The ‘fairness’ or ‘appropriateness’ of rates may therefore be considered in the light of these two criteria:
- The extent to which those who receive the benefits of council’s expenditure also pay for those benefits—the so called ‘benefit principle’
- The extent to which those who pay to support council’s functions have the ability to pay for that support—the so called ‘ability to pay principle’
It probably goes without saying that a rate that is fair when judged by the benefit principle may not be fair according to the ability to pay principle, and vice versa.
The Act (Clause 493) further requires that any rating system must include four distinct rating categories: farmland, residential, mining and business. A local Council has a degree of freedom in the way it distributes the overall rates burden across these four categories, but distribution of the burden within any category must generally comply with the principles articulated in the Manual. Further, the rating category used in any given situation must reflect the primary activity undertaken on the property so categorised. As such, any correlation between land use zones defined in a Local Environmental Plan and rating categories is largely coincidental—a rural property, for example, regardless of its size, that is used primarily for residential purposes, will generally be rated for residential use and, similarly, a corner shop in a residential area will be rated for business use.

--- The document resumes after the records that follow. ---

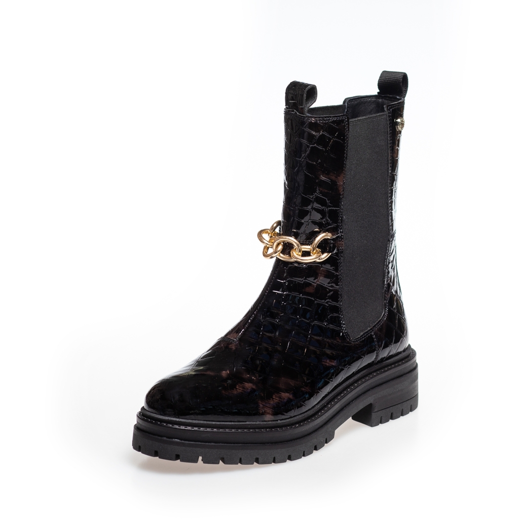 Rålekre Chelsea-støvler i preget lakkskinn i en slående brunsvart nyanse. Vakkert gullkjede som detalj. Ekstra myk innersåle for optimal komfort.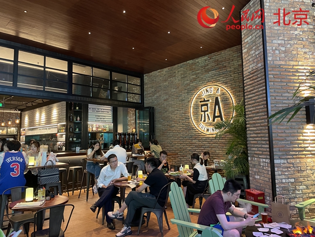 除了火鍋店,一家名為“京A Taproom”的美式精釀啤酒餐吧也熱鬧十足。美式工業(yè)風的裝潢極具格調,炸雞配啤酒的組合也頗有人氣。“這里的氛圍我很喜歡,小吃和啤酒也很對我的胃口,來這里能夠忘掉那些煩惱和壓力?!崩钆吭诠ぷ髁艘惶熘?,邀約了朋友一起來這家餐吧放松心情。
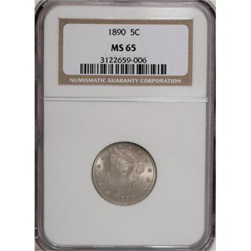 <B>1890 5C MS65 NGC.</B></I> A veneer of light tan color resides on the lustrous surfaces of this sharply struck, gorgeous nickel. Nicely struck throughout, with minimum ticks on the frosty finish. Census: 41 in 65, 13 finer (1/08).<BR><I>From The John Stimson, Sr. Collection, Part Two.</B></I><BR><BR><B>Coin Engraver:</B> Charles E. Barber<BR><BR><b>Shipping:</b> Coins & Currency (<a target="_blank" href="http://www.heritageauctions.com/common/shipping.php">view shipping information</a>)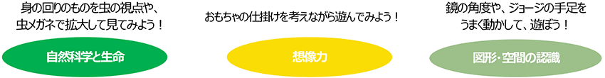 「これなあに?」「どうしてこうなるの?」と、子どもは大人にどんどん質問します。 好奇心という学びのエンジンを持っているからです。そんな質問の嵐への最良の対応は、正解を教える先生になることではなく、大人も「おさるのジョージ」になることです。子どもの知的好奇心を増幅させる「知りたがり屋」の遊び仲間になってみましょう。小さなおもちゃで遊ぶときも、「ほんとに、どうしてこうなるの?」と、わからないことを面白がる仲間がいれば、考えること自体が楽しい遊びになって続くはずです。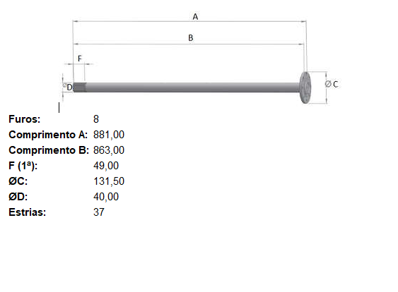 41512 - SEMI EIXO FORD CARGO/VW DIF RS/MS155 .../2001 LONGO LD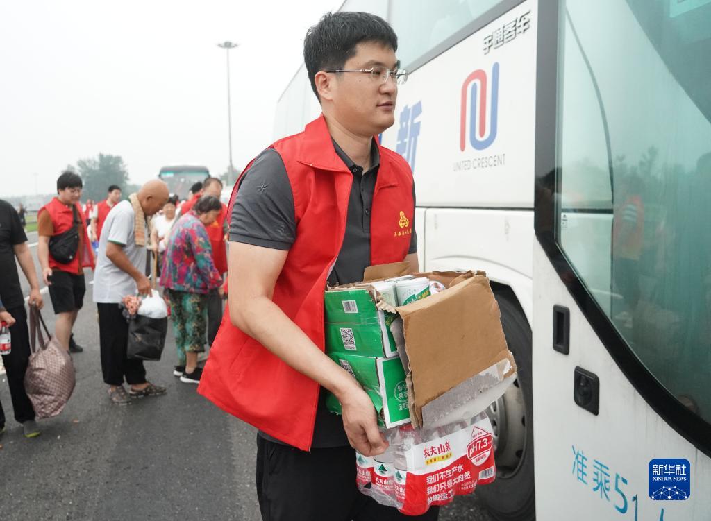 8月2日,在北京市房山区的京港澳高速琉璃河出口,志愿者为受灾群众搬运食品和饮用水。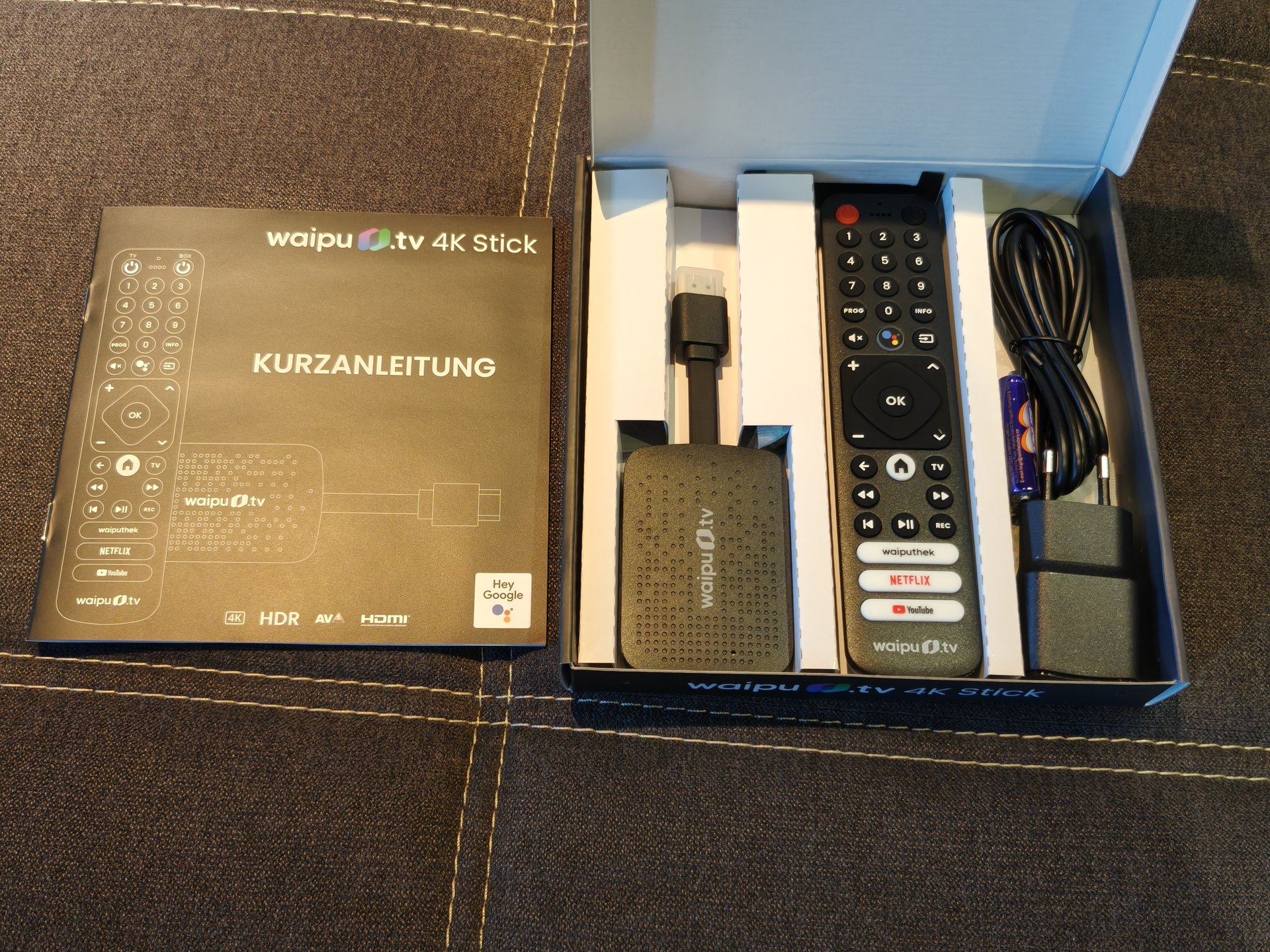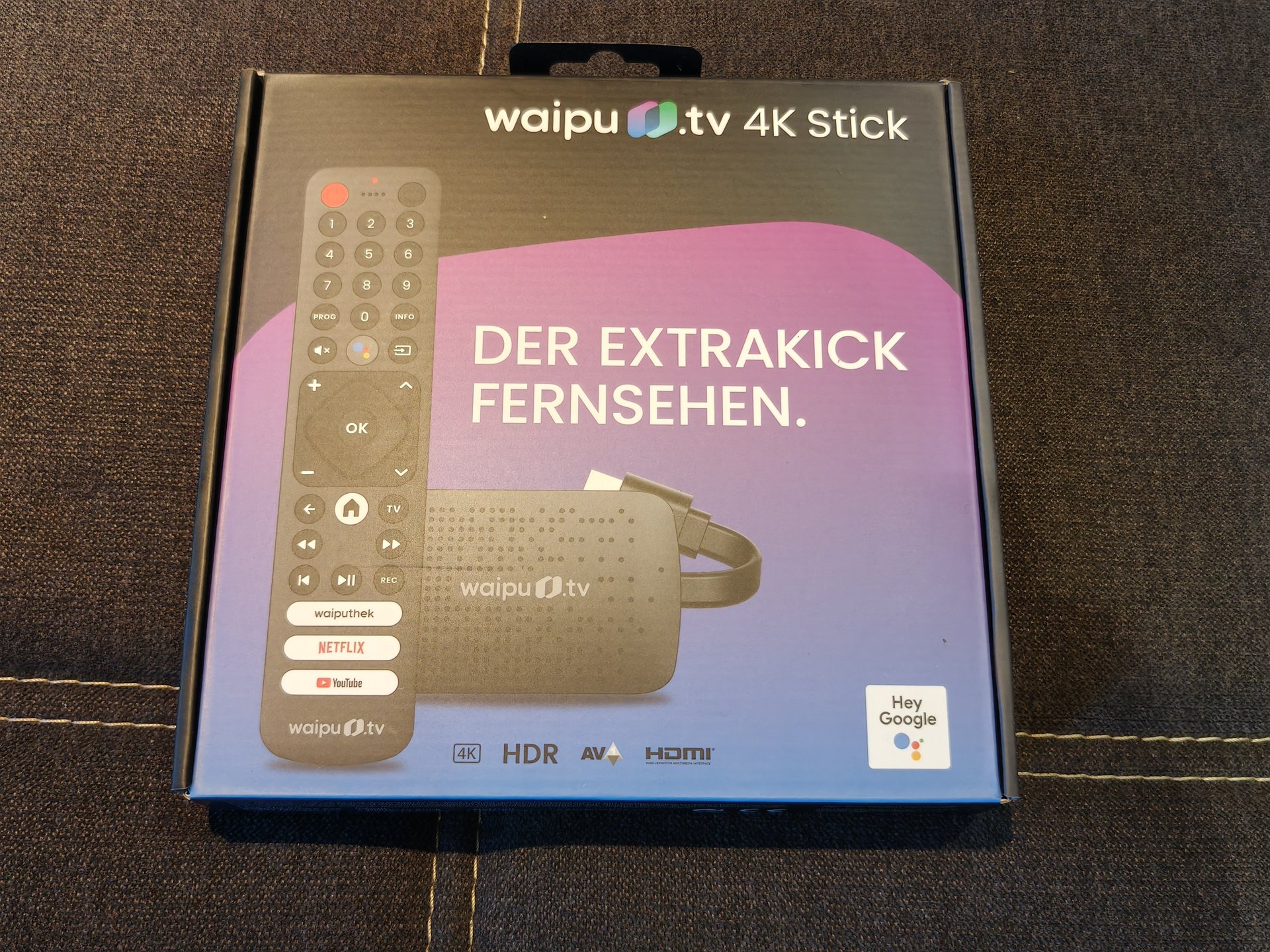 Ich verkaufe hier einen neuen waipu.tv 4K Stick inkl. Fernbedienung mit Schnellwahltasten (mit TV-Steuerungstasten). Die Verpackung wurde nur geöffnet, um einen beiliegenden Gutschein zu entnehmen. Die Rechnung von Amazon vom 14.02.2025 lege ich selbstverständlich auch bei.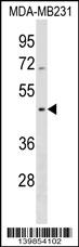 SEPT12 Antibody (Center)(Cat. APR04417G) western blot analysis in MDA-MB231 cell line lysates (35ug/lane).This demonstrates the SEPT12 antibody detected the SEPT12 protein (arrow). |

The Act (Clause 529) also allows for a council, at its discretion, to determine sub-categories for one or more categories of rateable land in its area. This provides an additional mechanism by which to control the equitable distribution of the rates burden within a category. For example (Clause 529 (2) (b)), the category “residential” may be further subcategorised according to whether the land is rural residential land or is within a centre of population.
I chose this example quite intentionally because, as I mentioned last month, the definition of rural residential land in the Act is quite specific (and somewhat exceptional), being land that:
- is the site of a dwelling, and
- is not less than 2 hectares and not more than 40 hectares in area, and
- is either:
- not zoned or otherwise designated for use under an environmental planning instrument, or
- zoned or otherwise designated for use under such an instrument for non-urban purposes, and
- does not have a significant and substantial commercial purpose or character.
These are the only criteria by which any parcel of land may be categorised (for rating purposes) as being rural residential, and if the rural residential sub-category is used, all land that fits this definition must be so categorised.